With the gradual maturity of UAV technology, it can provide extremely powerful support for smart agriculture and precise monitoring. Currently, there is no dataset related to green walnuts in the field of agricultural computer vision. Therefore, in order to promote the algorithm design in the field of agricultural computer vision, we used UAV to collect remote sensing data from 8 walnut sample plots. Considering that green walnuts have the characteristics of being affected by various lighting conditions and being occluded, we constructed a large-scale dataset with a higher fine-grained target feature - WalnutData. This dataset contains a total of 30,240 images and 7,062,080 instances, and there are 4 target categories: illuminated from the front and not occluded (A1), backlit and not occluded (A2), illuminated from the front and occluded (B1), and backlit and occluded (B2). Then, we evaluated many mainstream algorithms on WalnutData and used these evaluation results as the baseline standard.

Instructions: 

We conducted data collection on 8 walnut sample plots between July 18 and September 14, 2024. All these sample plots are located in Yangbi County, Dali Bai Autonomous Prefecture, Yunnan Province, China. In addition, in order to capture the changes in lighting conditions, we carried out the shooting between 9:00 and 19:00. The data collection equipment used uniformly was a DJI Matrice 300 RTK unmanned aerial vehicle (UAV) and a Zenmuse P1 (35mm F2.8) lens.

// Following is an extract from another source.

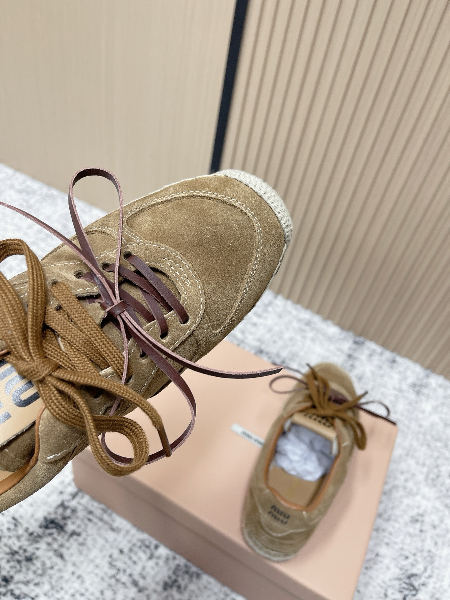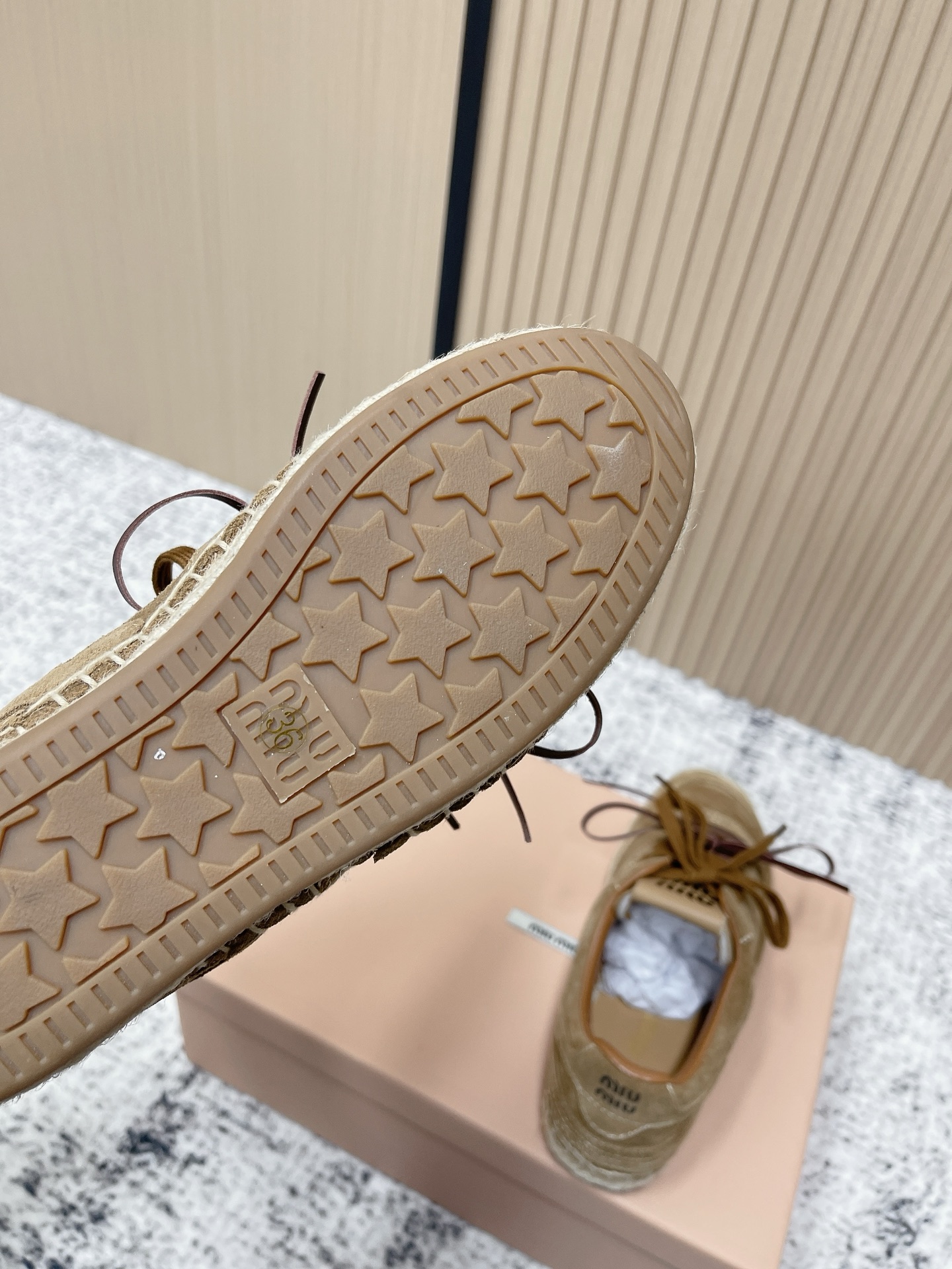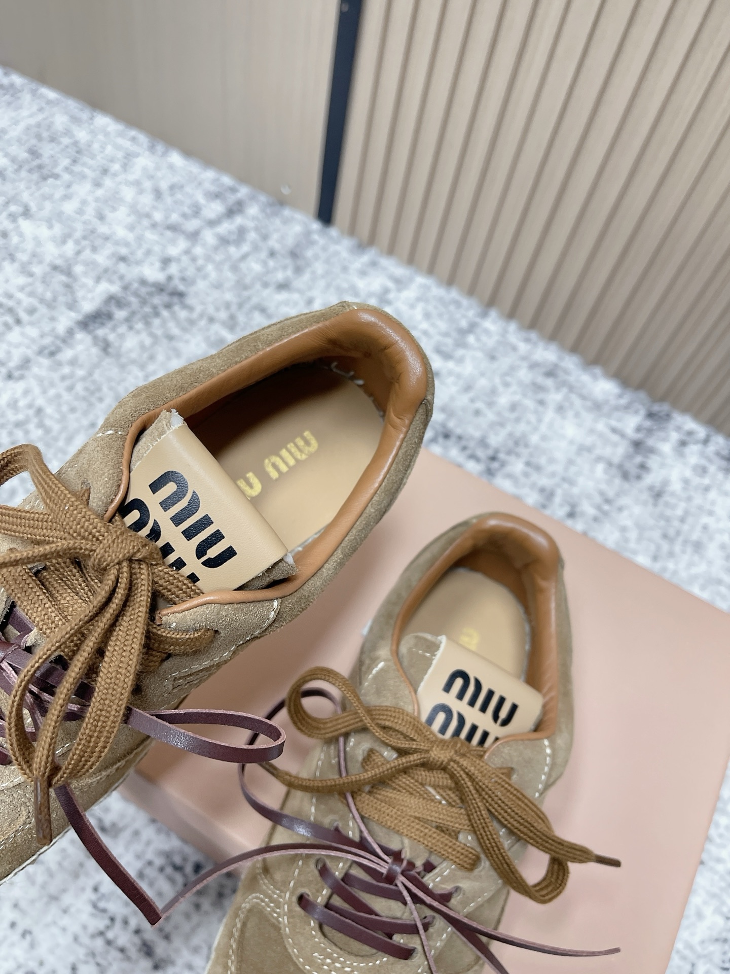 这款鞋子是AAAAA 1:1 质量 (非常棒). 使用了和原版一模一样的材料. 商标部分也保持了和缪缪/Miu Miu一样. 图片拍摄是实物鞋子拍摄, 您所收到的实物保证和我们图片一模一样.

The UAV took photos from a top-down angle (-90°) throughout the process according to the pre-planned flight route, and the flight path completely covered the scope of each sample plot. To reduce the impact of too high a flight altitude and too fast camera movement on the imaging quality, we set the flight speed between 1-3m/s and the flight altitude between 12-30m while ensuring flight safety.

Since the resolution of the UAV aerial images (8192×5460 pixels) is too large, which is not conducive to the training of the model, in this study, the screened original images were all cut with a step size of 512. The resolution of the cut images is 1024×1024 pixels. After the processing of the above steps, the dataset of this study was finally formed, which consists of a total of 30,240 images.

 

Comments

The dataset and all evaluation results can be obtained at https://github.com/1wuming/WalnutData.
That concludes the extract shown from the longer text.